Although this is not the actual cat… it looks very similar!
We had already done a full morning’s voluntary work for the animal centre… a dog, three rabbits and a cat had been transported to the vet’s surgery for treatment.
We had done the shopping for the mid-morning break for the workers at the centre. We had driven to the other side of the city to deliver instructions the the sign manufacturer, and had been to the carpenters’ shop to collect two large sacks of sawdust for the small animals.
It was time to head home to our own dog to take her for a walk along the Loughor Estuary. It was lovely and peaceful and she had a good run around whilst we enjoyed the views and the spring sunshine. Just as we were returning to the car, the mobile phone rang. It was the centre’s manager. They had a very sick cat which needed to be driven to the vet.
We were due to return to fetch the morning’s animals so we left early to fit in the extra passenger, a lovely ginger cat who was put into the ambulance in his cat carrier by a member of staff, and covered with a blanket as he was ‘not a well boy’.
Dave was driving, and when we were just half a mile from the vet’s, the cat started mewing. Without turning round I reassured him that we would soon be there, and not to worry etc., etc…… as you do when carrying nervous animals.
The next minute there was an extraordinarily loud screeching from beside my right ear. (In the small van there is no guard between the cab and the back of the van)
I looked round to find myself face to face with a very cross cat! He had somehow escaped from the cat basket! Scared of losing him, we stopped and sidled out of the cab and into the rear of the van and eventually managed to persuade him that he really did have to go back in the box!
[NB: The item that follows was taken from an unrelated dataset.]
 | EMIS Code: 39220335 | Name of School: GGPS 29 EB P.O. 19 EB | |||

We double checked that the gate at the front of the box was secured properly this time, puzzled that a reliable handler could have made a mistake in not fastening it first time.
When we arrived in Walter Road in the Uplands area, we got out of the van and started to walk towards the vet’s, chuckling at our good luck in being able to secure him before he could get out of the van itself.
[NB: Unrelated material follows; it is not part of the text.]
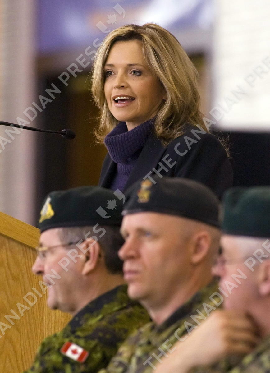 Intergovernmental Affairs Minister Josee Verner talks to the military personel leaving on a six month deployment to Afghanistan, during a ceremony at CFB Valcartier, north of Quebec City, on Friday February 27, 2009. THE CANADIAN PRESS/Clement Allard

We still don’t know how he managed it, but suddenly, the box shook, the blanket which was over him twitched, and with one bound he was out!
There he was on the kerbside of the busy main exit road from Swansea towards The Gower. Astonished, we dropped everything and made a dive, but it was too late…. like a streak of lightening, he shot across the road, narrowly missing cars on the way.
Safely on the other side of the road, he took refuge in St James Gardens (lots of long grass and trees). After the pair of us had risked life and limb to cross the busy road, Dave tried to climb the metal railings, but thought better of it and followed me along to the side road and into the Gardens through a hole in the railings there. But the cat was narrow enough to pass through at any point he chose…. and he did … several times …. in several directions. There was the usual abundance of cars parked all along St James’ Crescent and he must have hidden under every one of them at some point!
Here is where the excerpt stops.